Your task: Look in the data below for the line that has "En el primero", then print exactly every line from there through the line that has "今日の昼休み、近くを散歩途中に見かけたハナモモ。", leaving pictures out.

Exercise data:
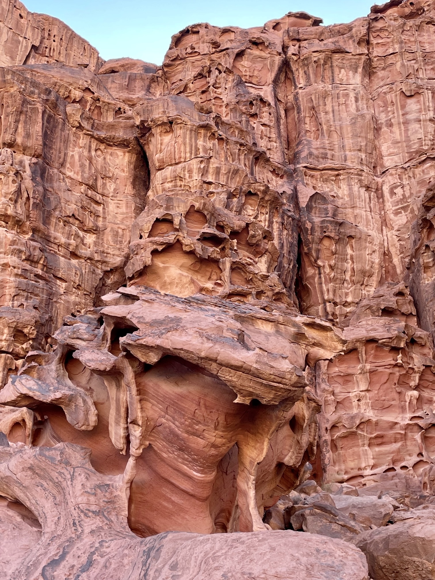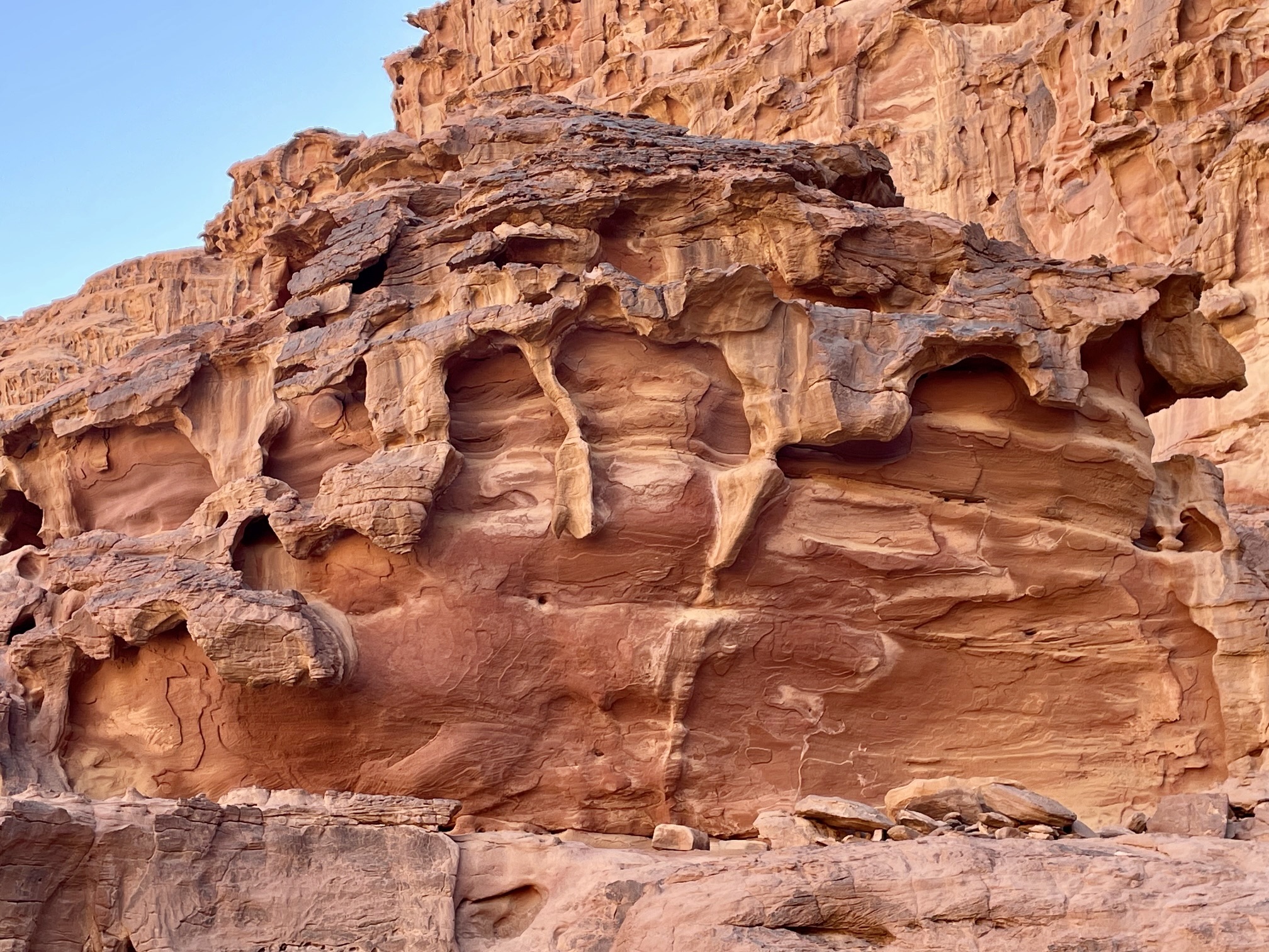 Besides having a Mars-like landscape, Wadi Rum displays the most bizarre sandstone textures I’ve ever seen. The cliffs surrounding our camp had the appearance of molten candle wax! This texture, geologically known as tafoni, results from extreme differential erosion and weathering due to variable crystallization and expansion of calcium salts within the rock.
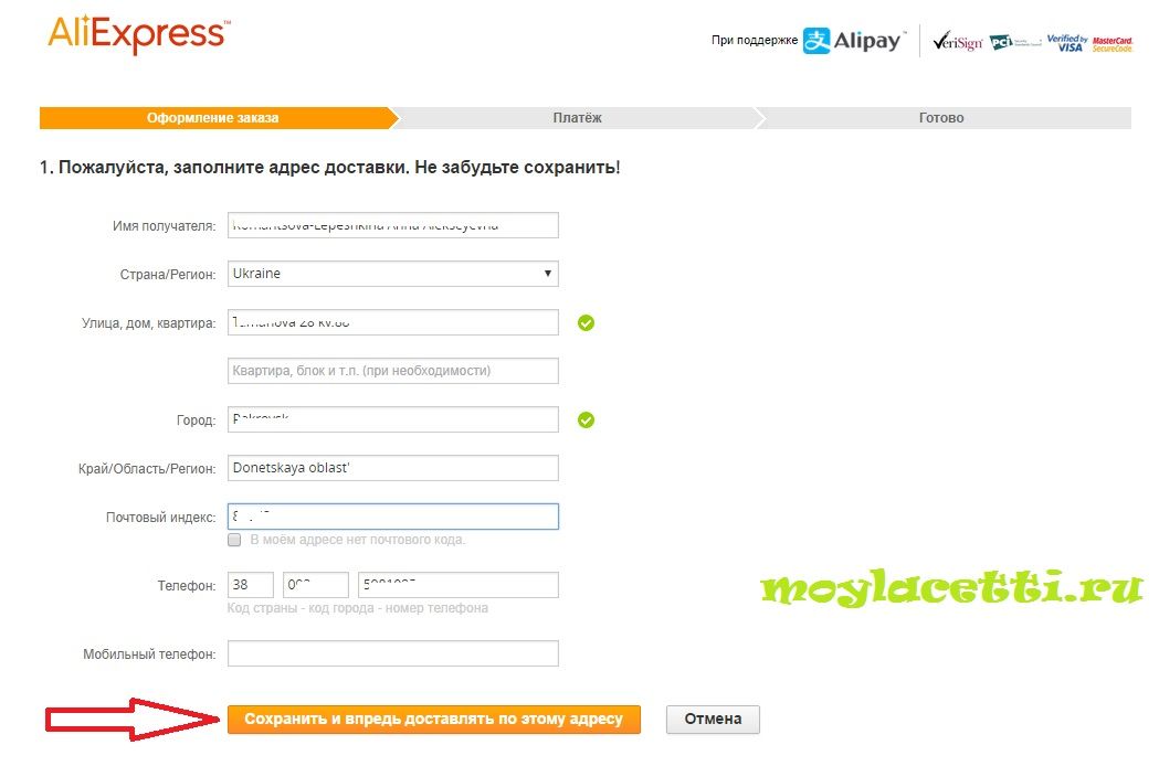 Теперь нас направят на страницу оформления заказа, где первым делом будет предложено ввести наш адрес доставки. Это самый ответственный шаг и ошибки здесь недопустимы! Если, конечно, не хотите, чтобы Ваша посылка приехала к кому-нибудь другому
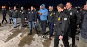 En el primero de los videos, Maduro aparece esposado y rodeado de fuerzas federales estadounidenses a su llegada a la Base de la Guardia Nacional Aérea de Stewart, vestido con una sudadera en color claro.
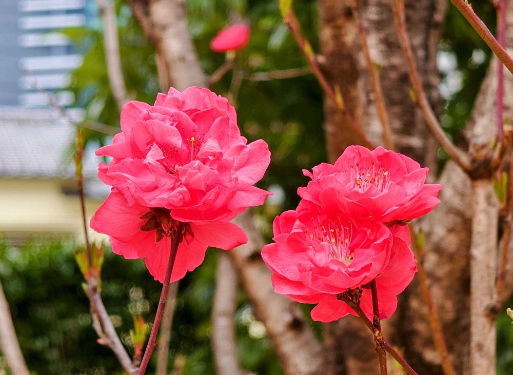 今日の昼休み、近くを散歩途中に見かけたハナモモ。
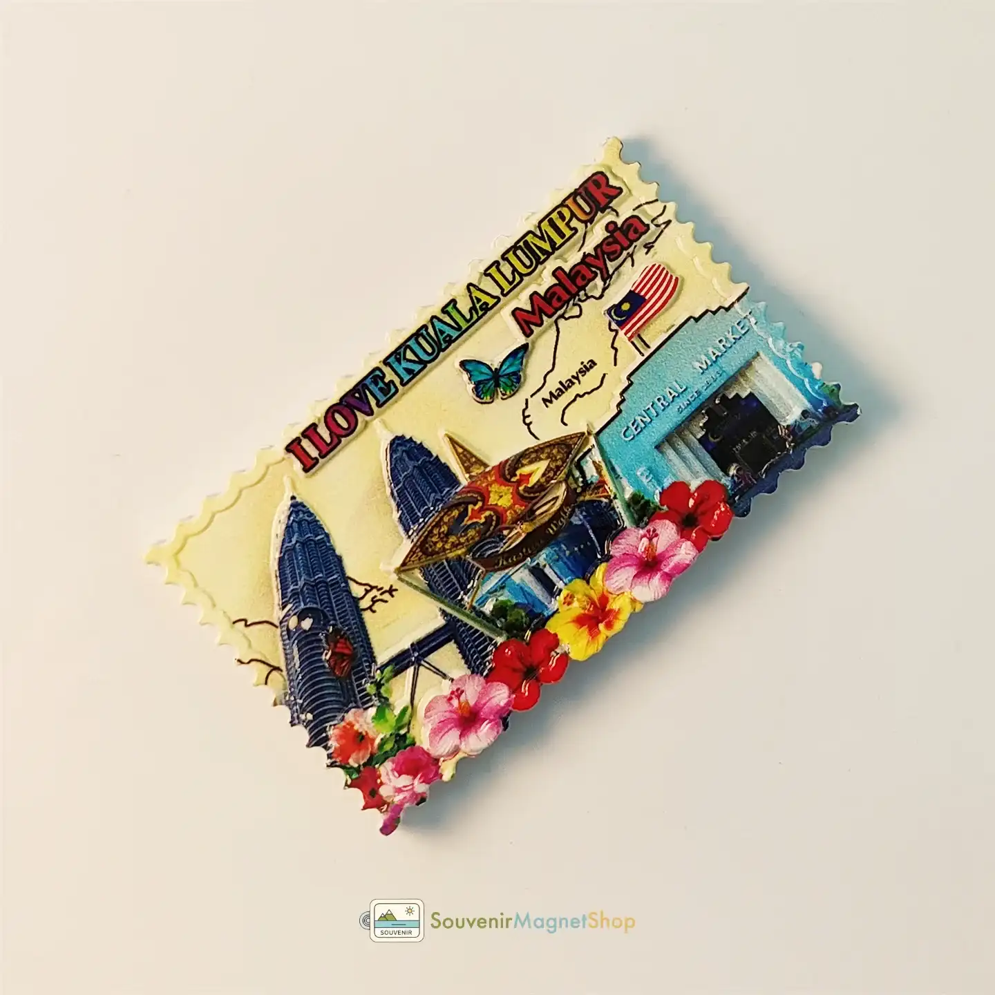 Capture Kuala Lumpur’s charm with this vibrant Malaysia fridge magnet. Featuring the iconic Petronas Towers and Central Market, it’s a perfect travel souvenir to remember your Malaysian adventure.

Written reply:
 En el primero de los videos, Maduro aparece esposado y rodeado de fuerzas federales estadounidenses a su llegada a la Base de la Guardia Nacional Aérea de Stewart, vestido con una sudadera en color claro.
 今日の昼休み、近くを散歩途中に見かけたハナモモ。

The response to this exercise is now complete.